Published online by Cambridge University Press: 04 August 2010
Sir John Huxtable Elliott was born in Reading, England, on 23 June 1930. After winning a scholarship to Eton, and national service, he graduated with first class honours in history from Cambridge and then earned a doctorate in history from Cambridge in 1955. He remained at Cambridge, first as a fellow of Trinity College (from 1954) and later as a university lecturer in history, until 1967 when he became Professor of Modern History at King's College, University of London. In 1973 he left King's to become professor in the School of Historical Studies at Princeton's Institute for Advanced Study where over the next seventeen years he welcomed and inspired scholars from all parts of the world. In 1990 he was named Regius Professor of Modern History at Oxford University.

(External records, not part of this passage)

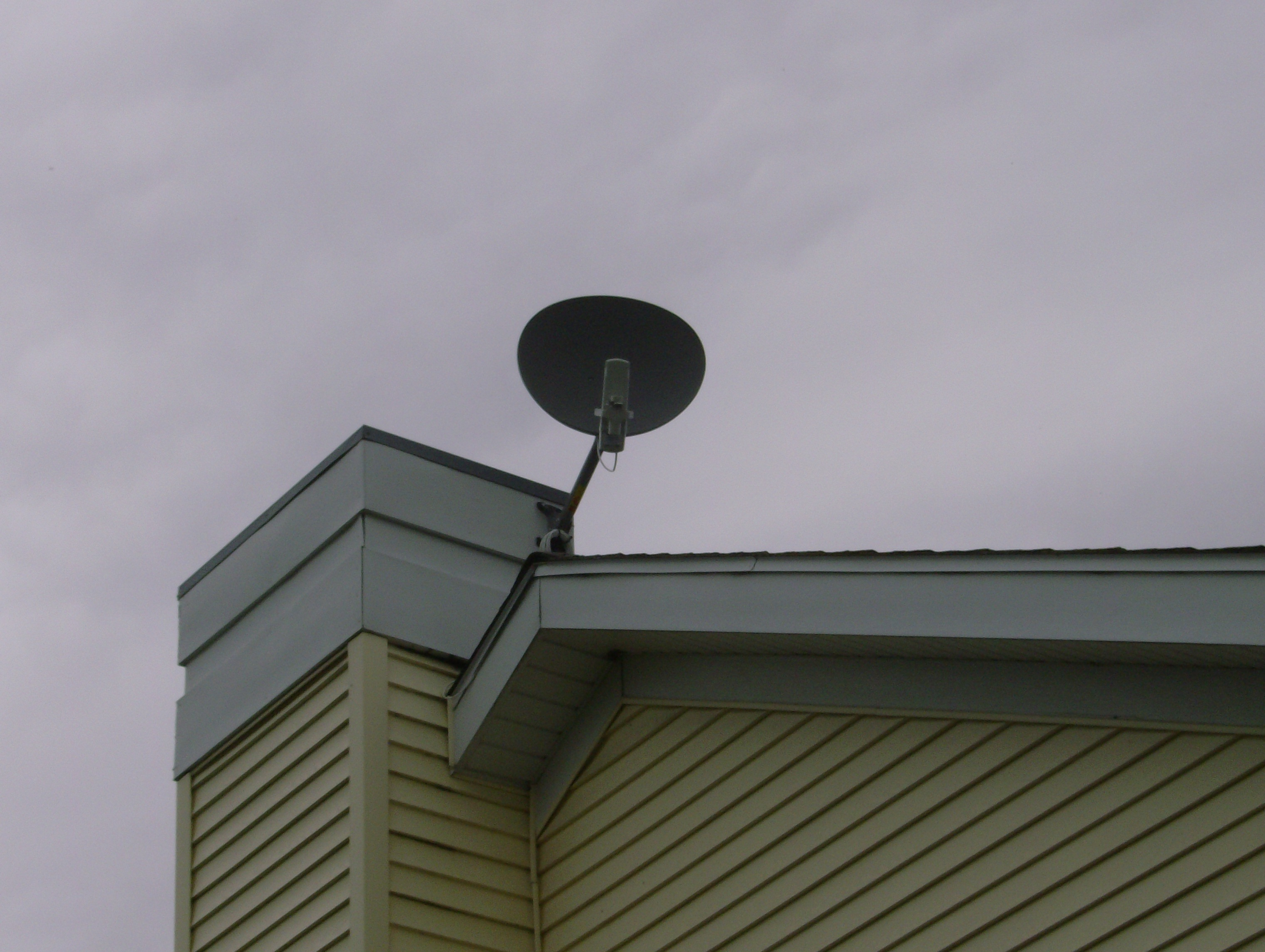 A 2.4Ghz Motorola Canopy "subscriber module" with a reflector dish.
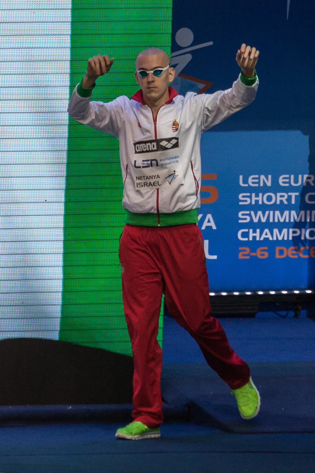 Swimmer László Cseh at the 2015 European Short Course Swimming Championships, Netanya
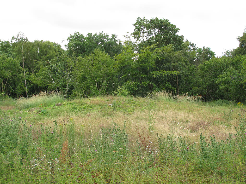 Tumulus within the southern part of Fargo Plantation. Uploader's note: Apparently the barrow known as Amesbury 54 viewed from the north.
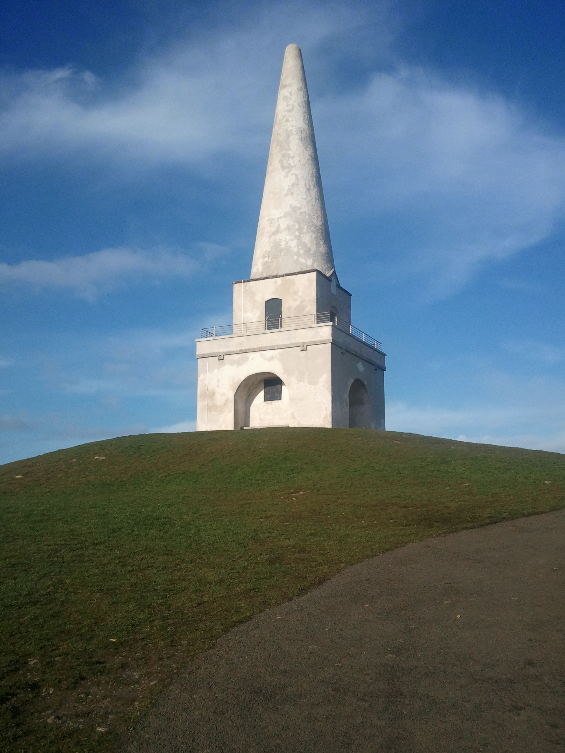 Obelisk on the top of Killiney Hill in Ireland, south of Dublin.
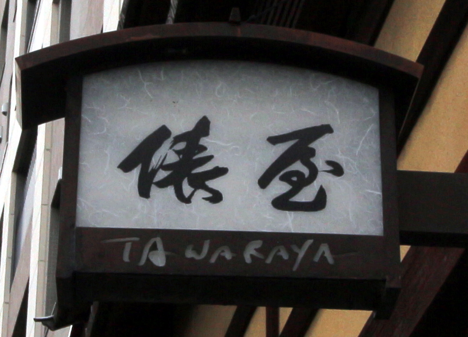 Tawaraya Ryokan in Kyoto, Japan.
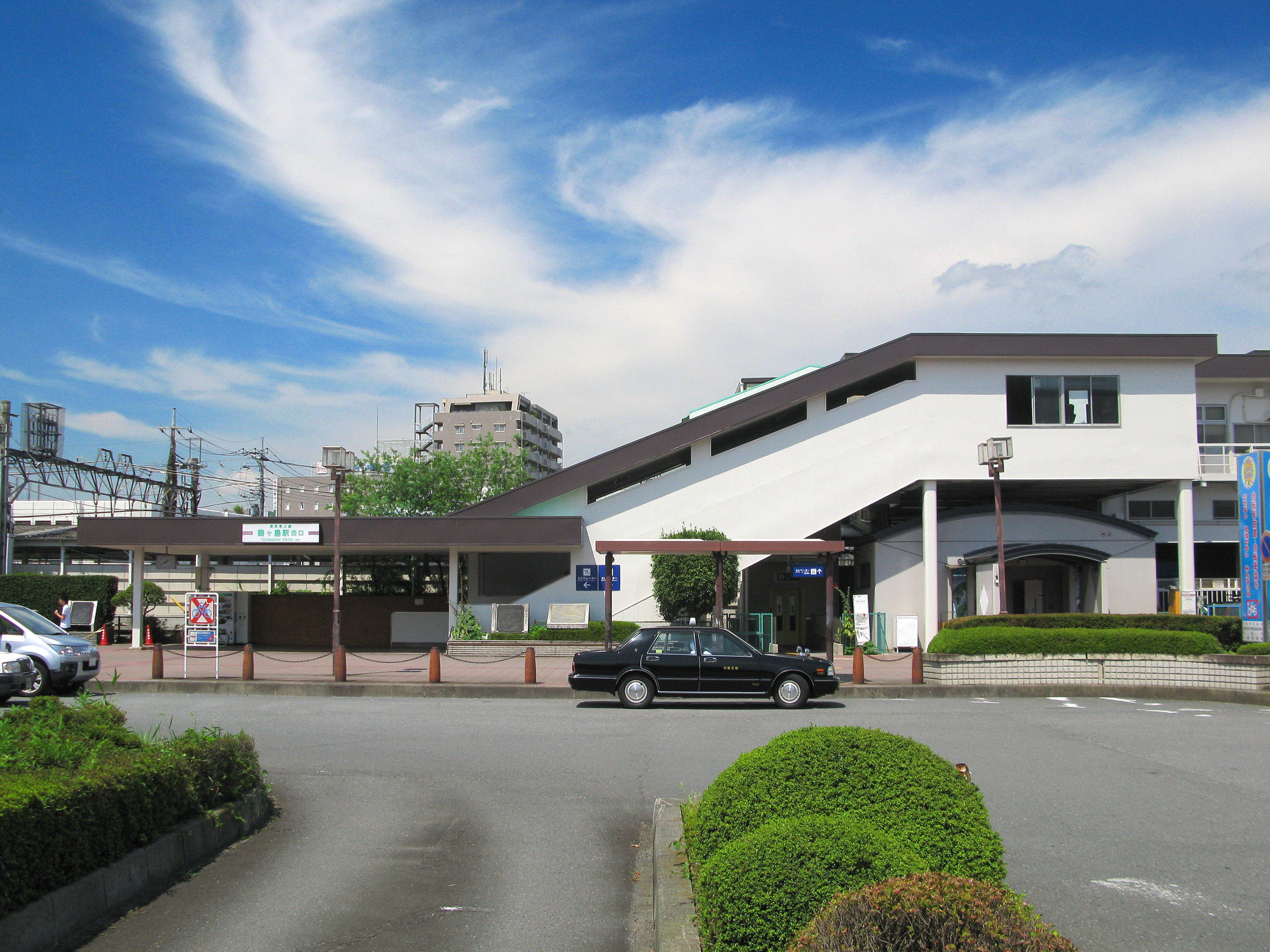 West entrance of Tsurugashima Station on the Tobu Tojo Line in Saitama Prefecture, Japan

A complete account of Professor Elliott's scholarly publications and a list of his awards and honours would fill many pages. To mention but a few, he has received honorary doctorates from several universities (including the Autonomous University of Madrid, the University of Genoa and the University of Barcelona). In addition, he is the recipient of Spain's Order of Isabella la Católica (1987), the Grand Cross of the Order of Alfonso the Wise (1988) and the Gold Medal of Fine Arts (1990). His prizes include the American Historical Association's Gershoy Prize for his book, Richelieu and Olivares (1985), the Wolfson Prize for his monumental biography, The count-duke of Olivares: the statesman in an age of decline (1986) and the Antonio de Nebrija prize for the Spanish edition of this same work (1993). In 1994, he was knighted by Queen Elizabeth II.